On 5/7/20 6:46 PM, Maciej Żenczykowski wrote:
> (a) not clear why the max is SKB_MAX_ALLOC in the first place (this is
> PAGE_SIZE << 2, ie. 16K on x86), while lo mtu is 64k

Agreed, tbh, it's not clear to me either atm. :) The SKB_MAX_ALLOC constant itself
should be replaced with something more appropriate. Also as a small side note,
the !skb->dev check should be removed since in tc ingress/egress the skb->dev
is never NULL. (See also tc_cls_act_convert_ctx_access() on struct __sk_buff,
ifindex conversion.)

> (b) hmm, if we're not redirecting, then exceeding the ingress device's
> mtu doesn't seem to be a problem.
> 
> Indeed AFAIK this can already happen, some devices will round mtu up
> when they configure the device mru buffers.
> (ie. you configure L3 mtu 1500, they treat that as L2 1536 or 1532 [-4
> fcs], simply because 3 * 512 is a nice amount of buffers, or they'll
> accept not only 1514 L2, but also 1518 L2 or even 1522 L2 for VLAN and
> Q-IN-Q -- even if the packets aren't actually VLAN'ed, so your non
> VLAN mru might be 1504 or 1508)
> 
> Indeed my corp dell workstation with some standard 1 gigabit
> motherboard nic has a standard default mtu of 1500, and I've seen it
> receive L3 mtu 1520 packets (apparently due to misconfiguration in our
> hardware [cisco? juniper?] ipv4->ipv6 translator which can take 1500
> mtu ipv4 packets and convert them to 1520 mtu ipv6 packets without
> fragmenting or generating icmp too big errors).  While it's obviously
> wrong, it does just work (the network paths themselves are also
> obviously 1520 clean).

Right, agree on tc ingress side when skb goes further up the stack.

> (c) If we are redirecting we'll eventually (after bpf program returns)
> hit dev_queue_xmit(), and shouldn't that be what returns an error?
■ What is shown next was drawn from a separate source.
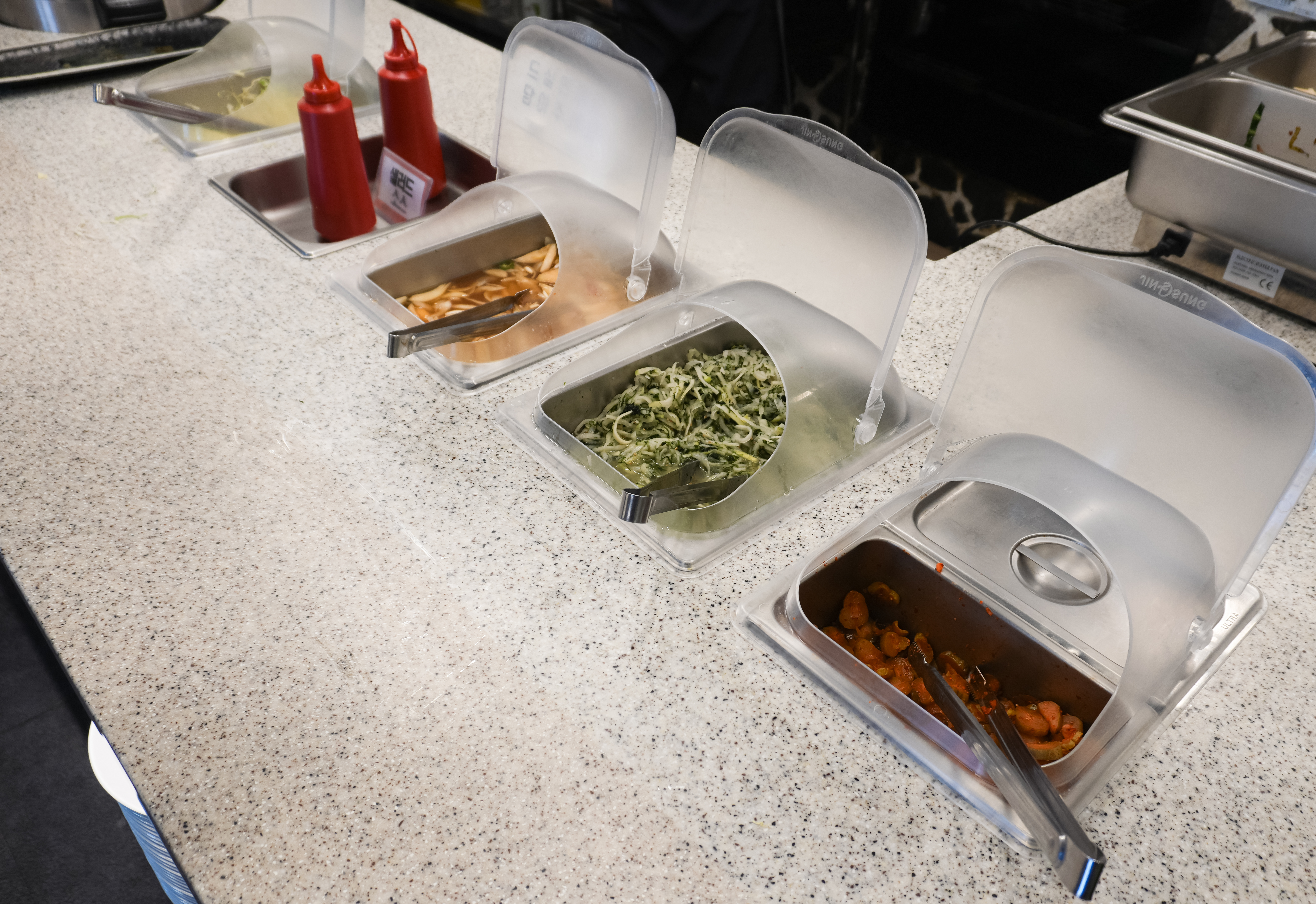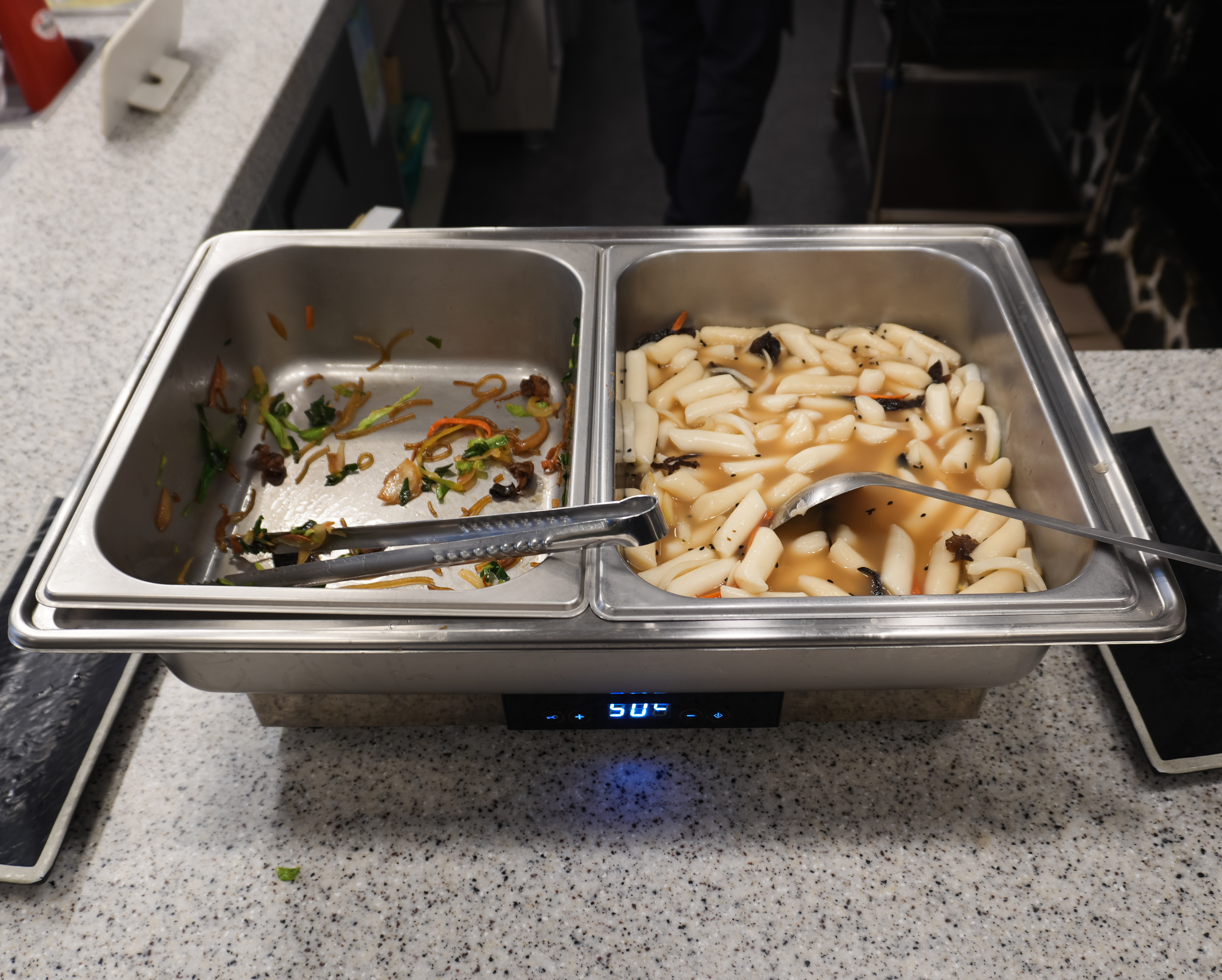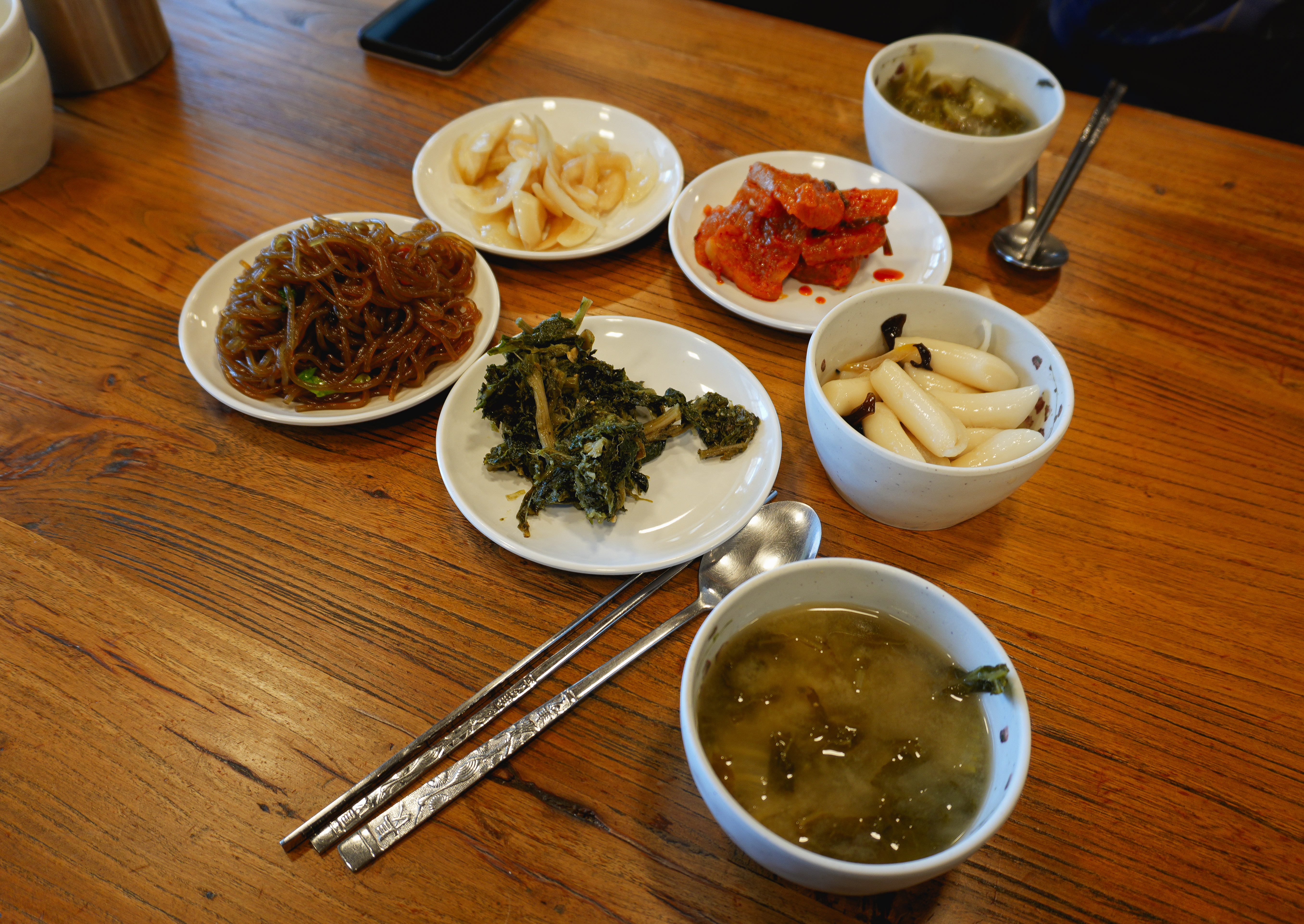 재넘어화덕고등어의 반찬은 잡채, 떡볶이, 나물, 김치 등이 있었습니다. 가게에는 화덕이 마련되어 있어 생선을 직접 굽는 모습을 볼 수 있었고, 이곳의 반찬은 원하는 만큼 얼마든 덜어먹을 수 있었습니다.
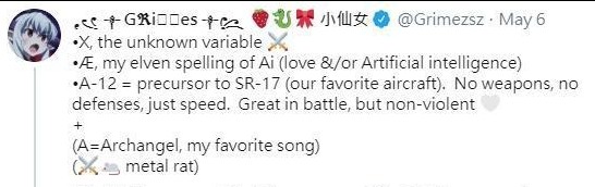 除了關注Elon Musk的生活狀況外,網民亦熱議起Elon Musk和Grimes女兒的名字,因為他們的兒子出生時,宣布名字是「X Æ A-12 Musk」,引來全世界的困惑這個名字應該怎麼發音和解釋,其後Grimes曾親自在Twitter透露,兒子簡稱是「X寶寶」,而「X」代表「未知數」,「Æ」是精靈字母「Ai」,意思為愛與人工智慧,至於A-Xii是A-12,也就是她與馬斯克最愛的飛機SR-71「黑鳥」偵查機的前身。

You mean whether the check should be inside __dev_queue_xmit() itself
instead? Maybe. From a cursory glance the MTU checks are spread in upper
layer protos. As mentioned, we would need to have coverage for BPF progs
attached on the tc ingress and egress (sch_handle_{ingress,egress}())
hook where for each case an skb can be just TC_ACT_OK'ed (up to stack or
down to driver), redirected via ____dev_forward_skb() or dev_queue_xmit().
The ____dev_forward_skb() has us covered and for TC_ACT_OK on tc ingress,
we'd only need a generic upper cap. So for the rest of the cases, we'd
need to have some sort of sanity check somewhere.

> btw. is_skb_forwardable() actually tests
> - device is up && (packet is gso || skb->len < dev->mtu +
> dev->hard_header_len + VLAN_HLEN);
> 
> which is also wrong and in 2 ways, cause VLAN_HLEN makes no sense on
> non ethernet, and the __bpf_skb_max_len function doesn't account for
> VLAN...  (which possibly has implications if you try to redirect to a
> vlan interface)

Yeah, it probably would for QinQ which is probably why noone was running
into it so far. At least the skb_vlan_push() would first store the tag
via __vlan_hwaccel_put_tag() in the skb itself.

> I think having an mtu check is useful, but I think the mtu should be
> selectable by the bpf program.  Because it might not even be device
> mtu at all, it might be path mtu which we should be testing against.
> It should also be checked for gso frames, since the max post
> segmentation size should be enforced.
> 
> I agree we should expose dev->mtu (and dev->hard_header_len and hatype)
> 
> I'll mull this over a bit more, but I'm not convinced this patch isn't ok as is.
> There just is probably more we should do.

Ok, makes sense. Thanks for looking into it!